This fresh expression’s survival was not endangered by the Church of England or any other mainstream Christian organization. Instead, it was threatened by the relational immaturities, social slip-ups, and untested idealism of its holier-than-thou founder, a young Anglican priest who had bit off more than he could chew while living in the New World.

His name was John Wesley, and he was trudging through the desert years of ministry life, what author Bobby Clinton called the phase of “Inner Life Growth.”

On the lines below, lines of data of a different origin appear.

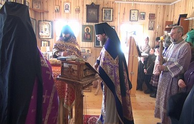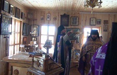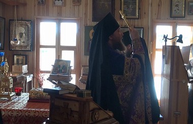 Чин малого освящения храма и Божественную литургию совершил настоятель обители игумен Иов (Чернышев) в сослужении благочинного Кадуйского района иеромонаха Агафангела (Бреднева) и эконома обители иеромонаха Геронтия (Чудневича).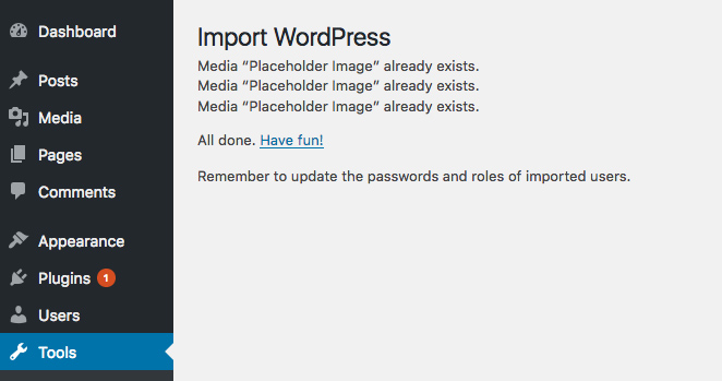 That’s it! Your data is now transferred from your WordPress.com account to your stand-alone WordPress application.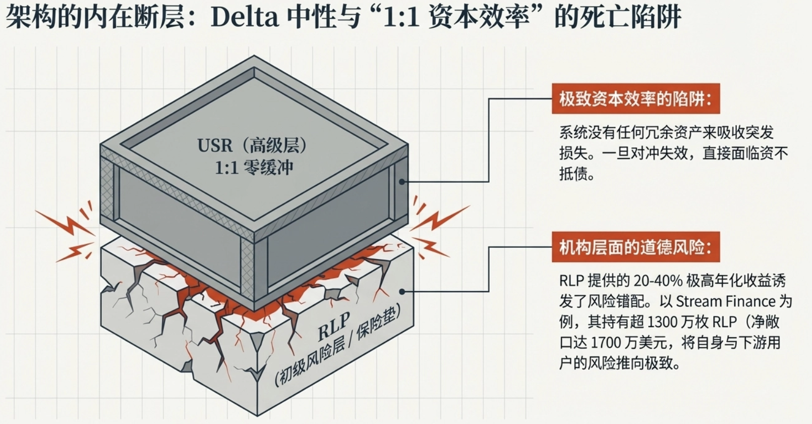 然而,这种设计的内在矛盾在于:它将加密原生的去中心化资产与中心化交易所的衍生品市场深度绑定,引入了复杂的对手方风险和操作风险,而“1:1 的资本效率”意味着系统没有任何缓冲垫,一旦对冲机制失效,系统将直接面临资不抵债的绝境。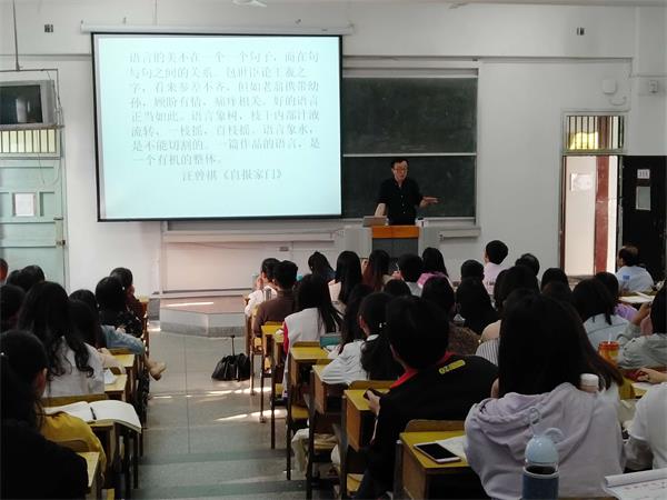 5月9日下午,应文学院邀请,浙江大学传媒与国际文化学院江弱水教授在菱湖校区教学楼315教室作题为“文学阅读中的语言敏感”的学术讲座。文学院党委书记方锡球教授主持讲座,文学院各年级学生和部分教师共120余人聆听了讲座。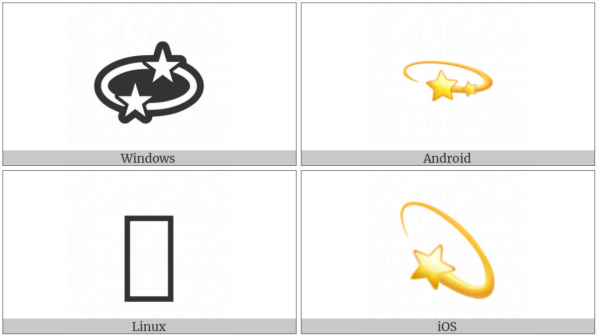 The image below shows how the “Dizzy Symbol” symbol might look like on different operating systems. If the font in which this web site is displayed does not contain the symbol and there is no fallback font able to render it, you can use the image below to get an idea of what it should look like.

Disaster in the Deep South

Like any leader with an Enneagram type of ONE—what we may otherwise describe as the “principled perfectionist”—John’s actions on this particular Sunday morning in the Deep South were premeditated. He had been brooding over the decision for a month, and had even broached the topic beforehand with his mentor, a German Moravian pastor named August Spangenberg.

John’s basic fear in life was being found corrupt or evil, and deep down he probably knew that the public barring from the Lord’s Table of his former fiancée—now recently married to another man—might be his undoing.

And it was.

On Sunday, August 7, 1737, the Reverend John Wesley dispassionately recorded in his journal that he had “repelled Mrs. [Sophy] Williamson from the holy communion,” for which cause a warrant was immediately issued.

Although John was fully convicted that he was in the right, everyone in town, he later wrote, believed that he “had repelled Sophy from the holy communion purely out of revenge because he [John] had made proposals of marriage to her, which she rejected, and married Mr. Williamson.” Sophy’s scandalized husband, no friend to Wesley, demanded 1,000 pounds in payment.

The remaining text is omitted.